Start of Task data
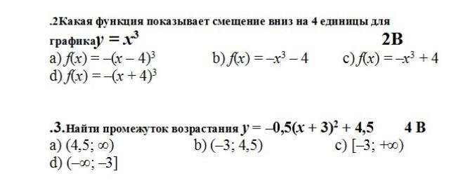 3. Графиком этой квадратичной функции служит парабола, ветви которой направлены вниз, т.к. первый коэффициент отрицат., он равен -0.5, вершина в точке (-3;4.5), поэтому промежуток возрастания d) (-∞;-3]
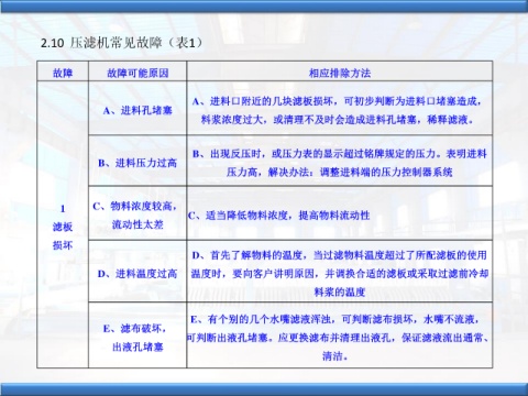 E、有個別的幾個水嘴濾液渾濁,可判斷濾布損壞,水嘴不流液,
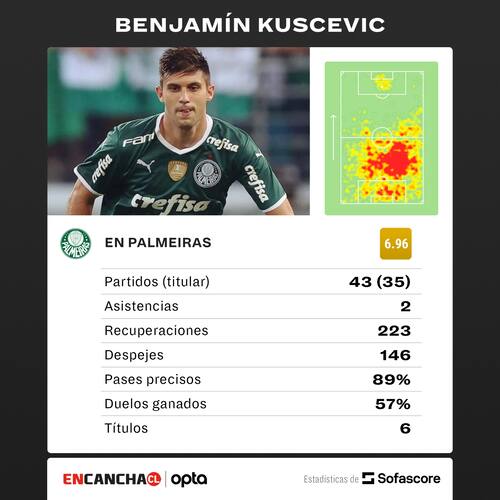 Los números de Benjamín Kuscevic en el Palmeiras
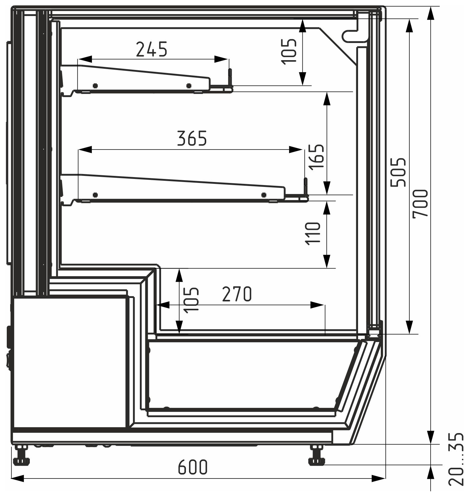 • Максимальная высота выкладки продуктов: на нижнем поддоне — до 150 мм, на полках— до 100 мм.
End of Task data
Start of Task data
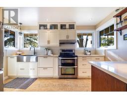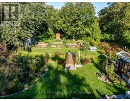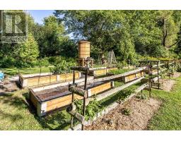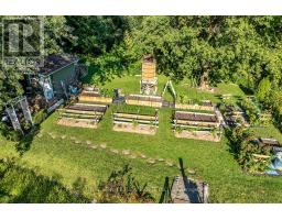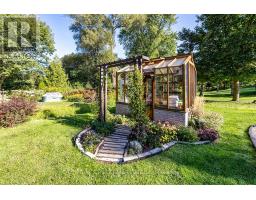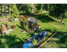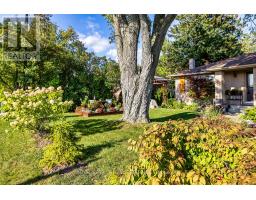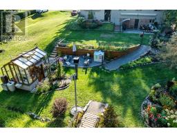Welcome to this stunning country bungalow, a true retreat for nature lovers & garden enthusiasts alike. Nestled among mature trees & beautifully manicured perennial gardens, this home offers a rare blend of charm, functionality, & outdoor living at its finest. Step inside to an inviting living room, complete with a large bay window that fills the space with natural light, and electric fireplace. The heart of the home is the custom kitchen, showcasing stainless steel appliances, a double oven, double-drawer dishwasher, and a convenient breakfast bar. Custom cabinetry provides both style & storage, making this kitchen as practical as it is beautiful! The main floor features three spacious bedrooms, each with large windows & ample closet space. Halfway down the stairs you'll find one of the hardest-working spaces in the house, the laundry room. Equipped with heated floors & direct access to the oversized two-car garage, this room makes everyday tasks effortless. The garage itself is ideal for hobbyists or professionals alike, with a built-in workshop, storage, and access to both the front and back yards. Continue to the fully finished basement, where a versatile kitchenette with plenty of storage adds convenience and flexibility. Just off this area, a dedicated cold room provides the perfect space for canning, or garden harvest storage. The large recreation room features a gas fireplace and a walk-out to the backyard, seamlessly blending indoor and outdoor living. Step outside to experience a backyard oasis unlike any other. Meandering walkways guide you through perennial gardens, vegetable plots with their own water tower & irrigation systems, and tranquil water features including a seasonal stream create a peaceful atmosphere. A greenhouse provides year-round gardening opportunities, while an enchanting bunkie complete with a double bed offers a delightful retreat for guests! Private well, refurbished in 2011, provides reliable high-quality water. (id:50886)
End of Task data
Look above for the line with "3. Графиком этой" and the line with "полках— до 100 мм.", then copy them and all lines in between exactly as written, and only those, without any pictures.

 3. Графиком этой квадратичной функции служит парабола, ветви которой направлены вниз, т.к. первый коэффициент отрицат., он равен -0.5, вершина в точке (-3;4.5), поэтому промежуток возрастания d) (-∞;-3]
 E、有個別的幾個水嘴濾液渾濁,可判斷濾布損壞,水嘴不流液,
 Los números de Benjamín Kuscevic en el Palmeiras
 • Максимальная высота выкладки продуктов: на нижнем поддоне — до 150 мм, на полках— до 100 мм.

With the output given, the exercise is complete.